* [TASK REQUIREMENTS]: Restate all of the entries exactly. Any picture in them should be skipped.

[Source data]
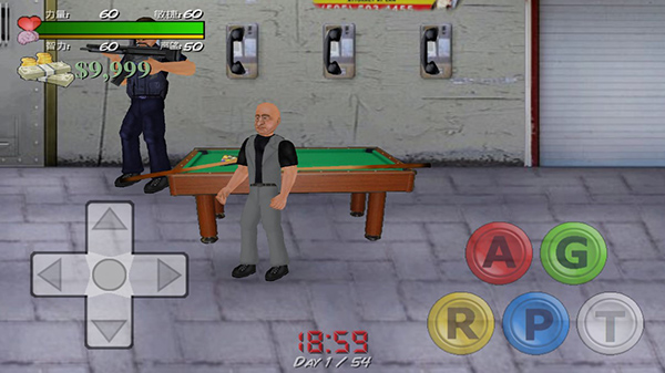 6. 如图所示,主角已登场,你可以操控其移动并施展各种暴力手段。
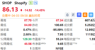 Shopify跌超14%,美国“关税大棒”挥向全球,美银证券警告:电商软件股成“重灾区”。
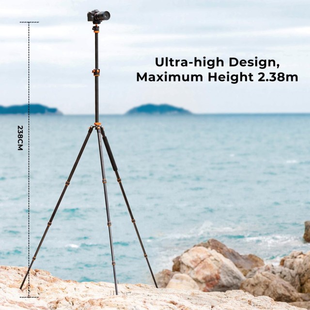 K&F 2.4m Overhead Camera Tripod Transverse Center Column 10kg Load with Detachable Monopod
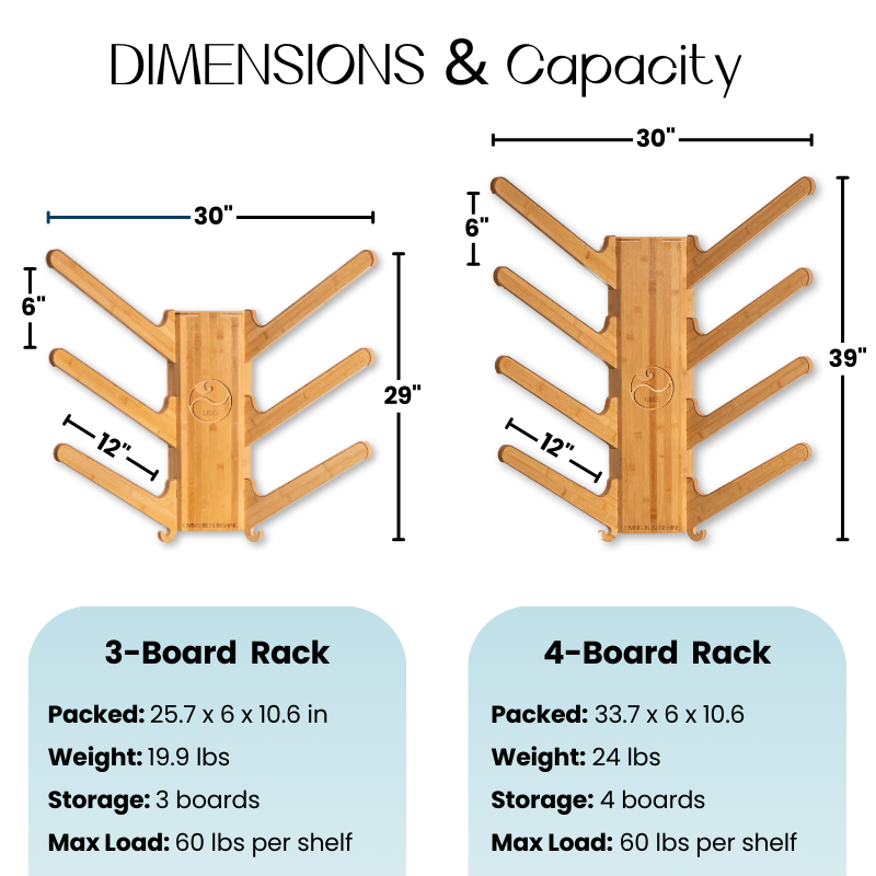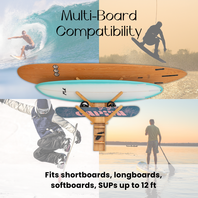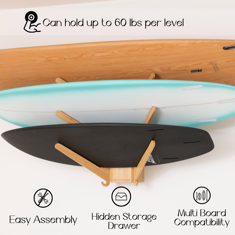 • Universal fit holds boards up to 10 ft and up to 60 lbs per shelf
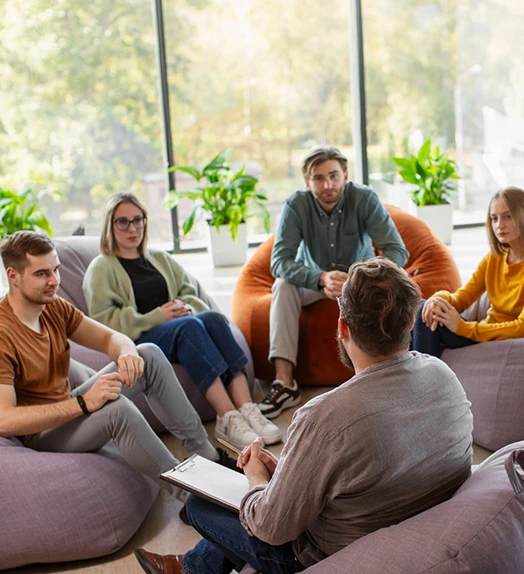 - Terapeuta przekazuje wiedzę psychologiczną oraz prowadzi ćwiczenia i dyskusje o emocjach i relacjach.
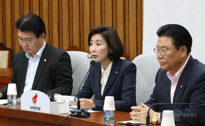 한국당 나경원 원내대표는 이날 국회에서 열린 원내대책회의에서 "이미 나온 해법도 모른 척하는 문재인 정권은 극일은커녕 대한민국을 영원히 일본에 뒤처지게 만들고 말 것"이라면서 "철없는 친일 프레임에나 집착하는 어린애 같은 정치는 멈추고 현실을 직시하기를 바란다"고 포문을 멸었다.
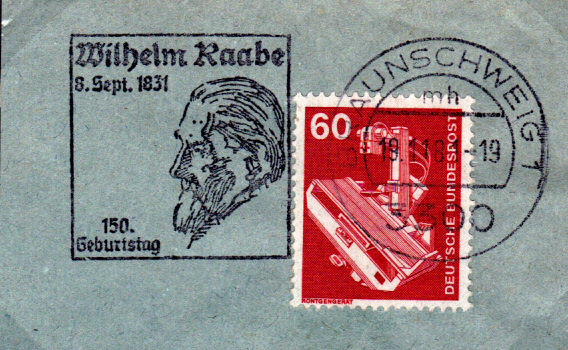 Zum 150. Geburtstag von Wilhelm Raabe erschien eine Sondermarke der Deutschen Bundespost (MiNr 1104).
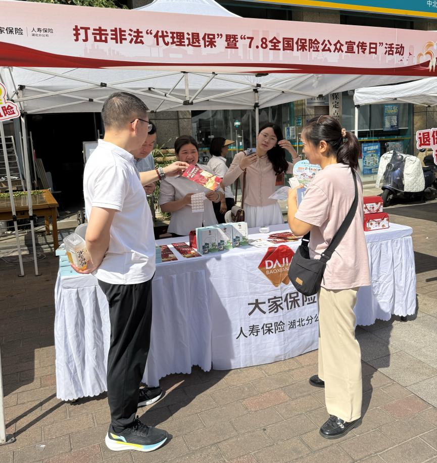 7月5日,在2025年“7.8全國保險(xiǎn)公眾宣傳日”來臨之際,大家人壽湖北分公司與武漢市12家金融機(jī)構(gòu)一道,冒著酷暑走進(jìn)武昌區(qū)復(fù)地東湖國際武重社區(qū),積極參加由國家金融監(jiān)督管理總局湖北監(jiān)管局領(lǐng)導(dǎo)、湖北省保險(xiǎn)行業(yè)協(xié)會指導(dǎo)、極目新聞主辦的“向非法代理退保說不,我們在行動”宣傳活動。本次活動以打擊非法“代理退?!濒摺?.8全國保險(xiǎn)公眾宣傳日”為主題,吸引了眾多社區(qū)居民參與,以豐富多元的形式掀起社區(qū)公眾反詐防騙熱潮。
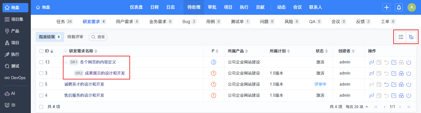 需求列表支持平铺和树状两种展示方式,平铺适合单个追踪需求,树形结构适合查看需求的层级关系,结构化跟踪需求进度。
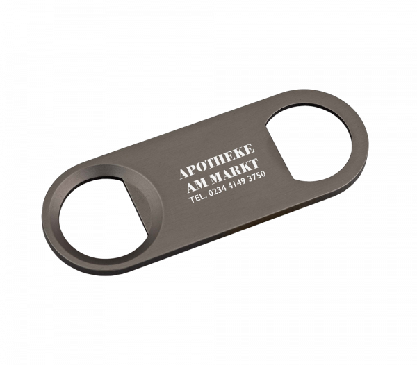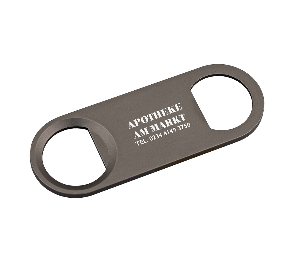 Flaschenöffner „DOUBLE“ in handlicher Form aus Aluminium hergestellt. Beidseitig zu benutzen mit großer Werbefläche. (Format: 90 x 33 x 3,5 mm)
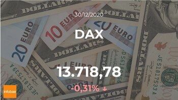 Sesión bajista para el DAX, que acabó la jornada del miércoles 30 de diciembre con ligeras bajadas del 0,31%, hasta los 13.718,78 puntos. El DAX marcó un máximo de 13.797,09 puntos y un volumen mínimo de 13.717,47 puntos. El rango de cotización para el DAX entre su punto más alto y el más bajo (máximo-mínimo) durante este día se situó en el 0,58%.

* [RESULT BELOW]:
 6. 如图所示,主角已登场,你可以操控其移动并施展各种暴力手段。
 Shopify跌超14%,美国“关税大棒”挥向全球,美银证券警告:电商软件股成“重灾区”。
 K&F 2.4m Overhead Camera Tripod Transverse Center Column 10kg Load with Detachable Monopod
 • Universal fit holds boards up to 10 ft and up to 60 lbs per shelf
 - Terapeuta przekazuje wiedzę psychologiczną oraz prowadzi ćwiczenia i dyskusje o emocjach i relacjach.
 한국당 나경원 원내대표는 이날 국회에서 열린 원내대책회의에서 "이미 나온 해법도 모른 척하는 문재인 정권은 극일은커녕 대한민국을 영원히 일본에 뒤처지게 만들고 말 것"이라면서 "철없는 친일 프레임에나 집착하는 어린애 같은 정치는 멈추고 현실을 직시하기를 바란다"고 포문을 멸었다.
 Zum 150. Geburtstag von Wilhelm Raabe erschien eine Sondermarke der Deutschen Bundespost (MiNr 1104).
 7月5日,在2025年“7.8全國保險(xiǎn)公眾宣傳日”來臨之際,大家人壽湖北分公司與武漢市12家金融機(jī)構(gòu)一道,冒著酷暑走進(jìn)武昌區(qū)復(fù)地東湖國際武重社區(qū),積極參加由國家金融監(jiān)督管理總局湖北監(jiān)管局領(lǐng)導(dǎo)、湖北省保險(xiǎn)行業(yè)協(xié)會指導(dǎo)、極目新聞主辦的“向非法代理退保說不,我們在行動”宣傳活動。本次活動以打擊非法“代理退?!濒摺?.8全國保險(xiǎn)公眾宣傳日”為主題,吸引了眾多社區(qū)居民參與,以豐富多元的形式掀起社區(qū)公眾反詐防騙熱潮。
 需求列表支持平铺和树状两种展示方式,平铺适合单个追踪需求,树形结构适合查看需求的层级关系,结构化跟踪需求进度。
 Flaschenöffner „DOUBLE“ in handlicher Form aus Aluminium hergestellt. Beidseitig zu benutzen mit großer Werbefläche. (Format: 90 x 33 x 3,5 mm)
 Sesión bajista para el DAX, que acabó la jornada del miércoles 30 de diciembre con ligeras bajadas del 0,31%, hasta los 13.718,78 puntos. El DAX marcó un máximo de 13.797,09 puntos y un volumen mínimo de 13.717,47 puntos. El rango de cotización para el DAX entre su punto más alto y el más bajo (máximo-mínimo) durante este día se situó en el 0,58%.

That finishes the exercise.